▶ Directions for this task
The reply should contain every line of the data, repeated exactly, and no pictures.
Start of Data for this task
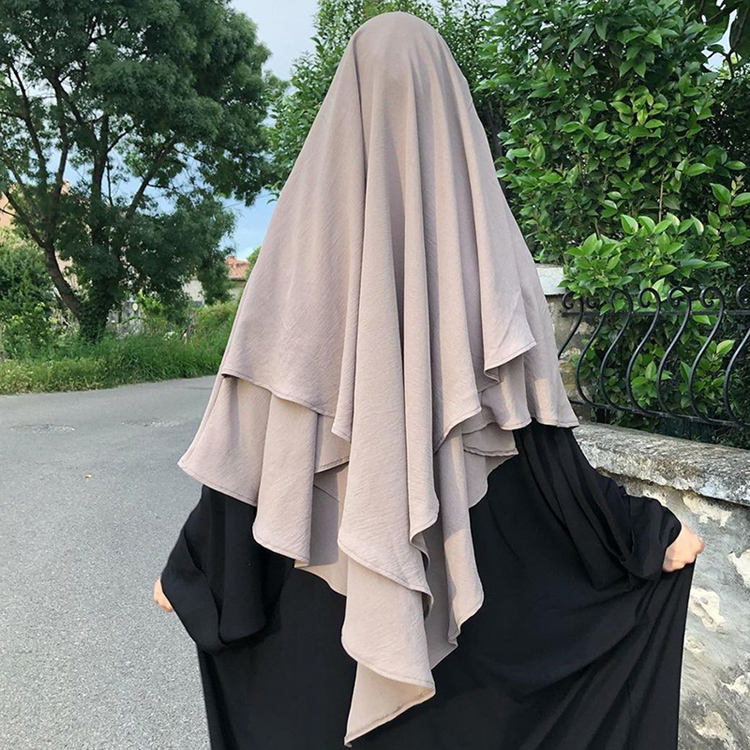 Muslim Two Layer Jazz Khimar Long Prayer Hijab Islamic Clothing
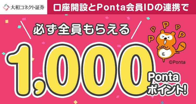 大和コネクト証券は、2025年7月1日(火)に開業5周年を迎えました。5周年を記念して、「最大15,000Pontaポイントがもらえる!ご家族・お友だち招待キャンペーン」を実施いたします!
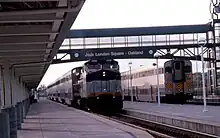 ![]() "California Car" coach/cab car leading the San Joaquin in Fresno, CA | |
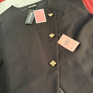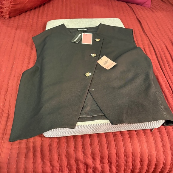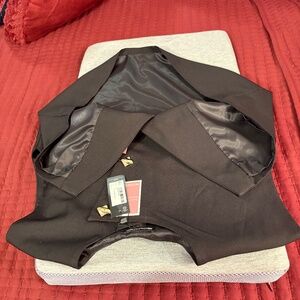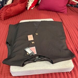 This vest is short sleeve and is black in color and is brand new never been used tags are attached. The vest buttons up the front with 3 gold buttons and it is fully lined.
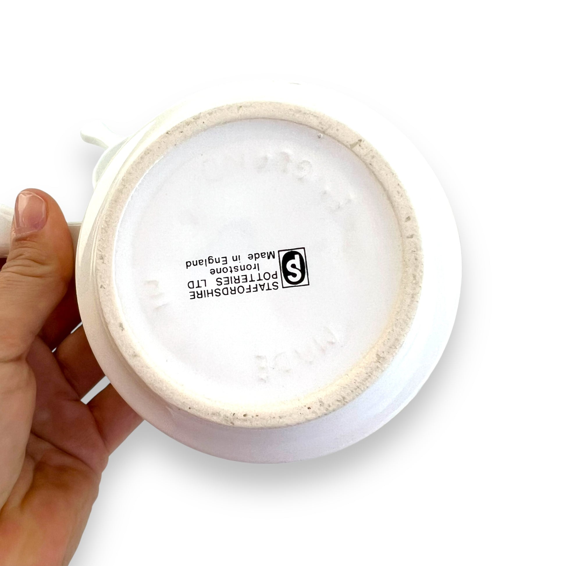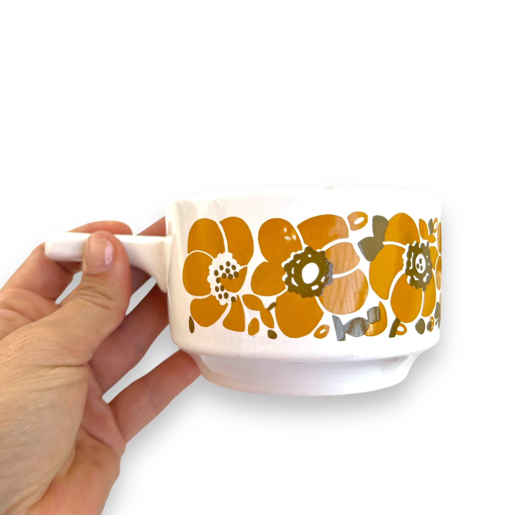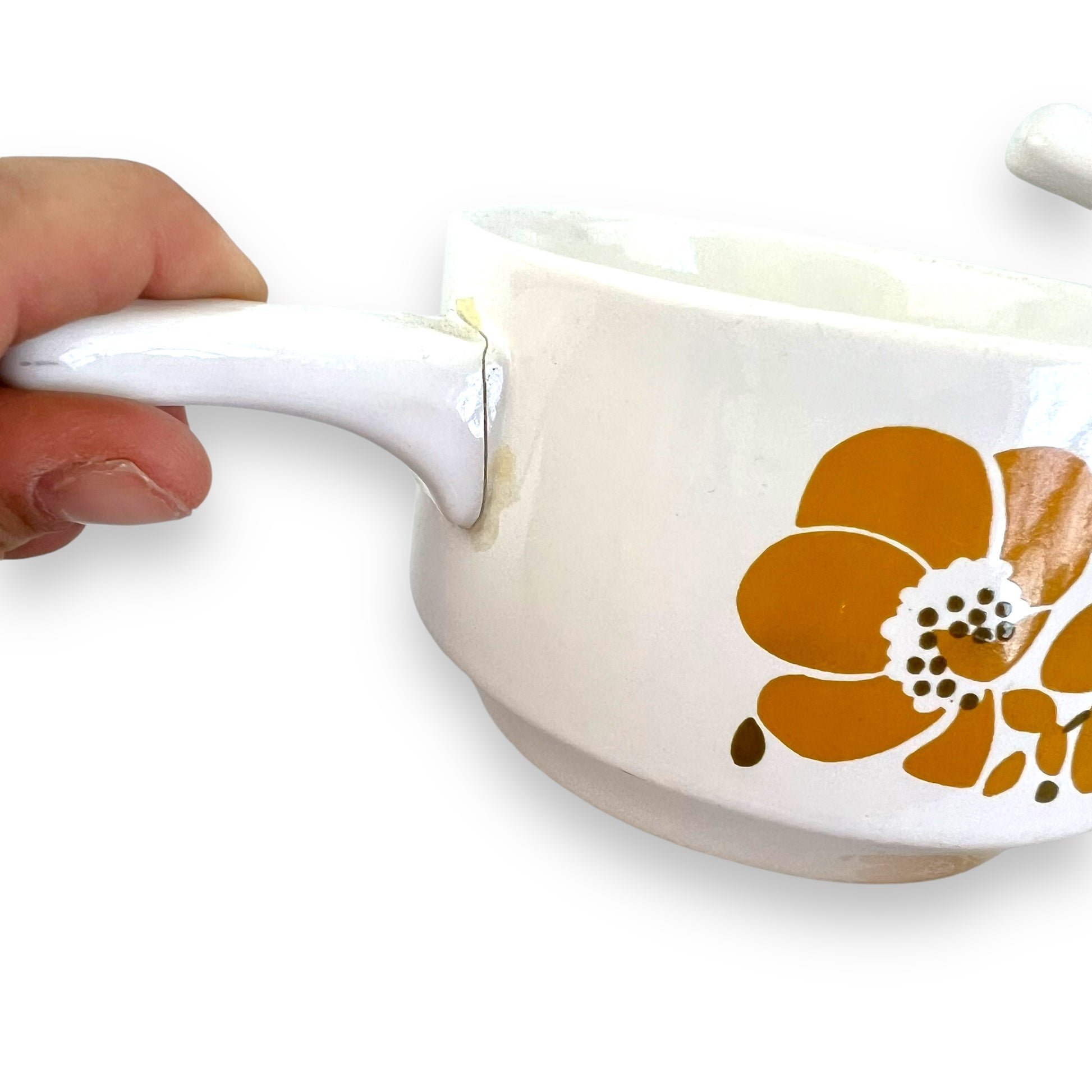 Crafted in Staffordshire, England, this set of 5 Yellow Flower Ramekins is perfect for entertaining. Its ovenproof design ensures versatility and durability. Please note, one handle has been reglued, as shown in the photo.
End of Data for this task
▶ Task result
 Muslim Two Layer Jazz Khimar Long Prayer Hijab Islamic Clothing
 大和コネクト証券は、2025年7月1日(火)に開業5周年を迎えました。5周年を記念して、「最大15,000Pontaポイントがもらえる!ご家族・お友だち招待キャンペーン」を実施いたします!
 ![]() "California Car" coach/cab car leading the San Joaquin in Fresno, CA | |
 This vest is short sleeve and is black in color and is brand new never been used tags are attached. The vest buttons up the front with 3 gold buttons and it is fully lined.
 Crafted in Staffordshire, England, this set of 5 Yellow Flower Ramekins is perfect for entertaining. Its ovenproof design ensures versatility and durability. Please note, one handle has been reglued, as shown in the photo.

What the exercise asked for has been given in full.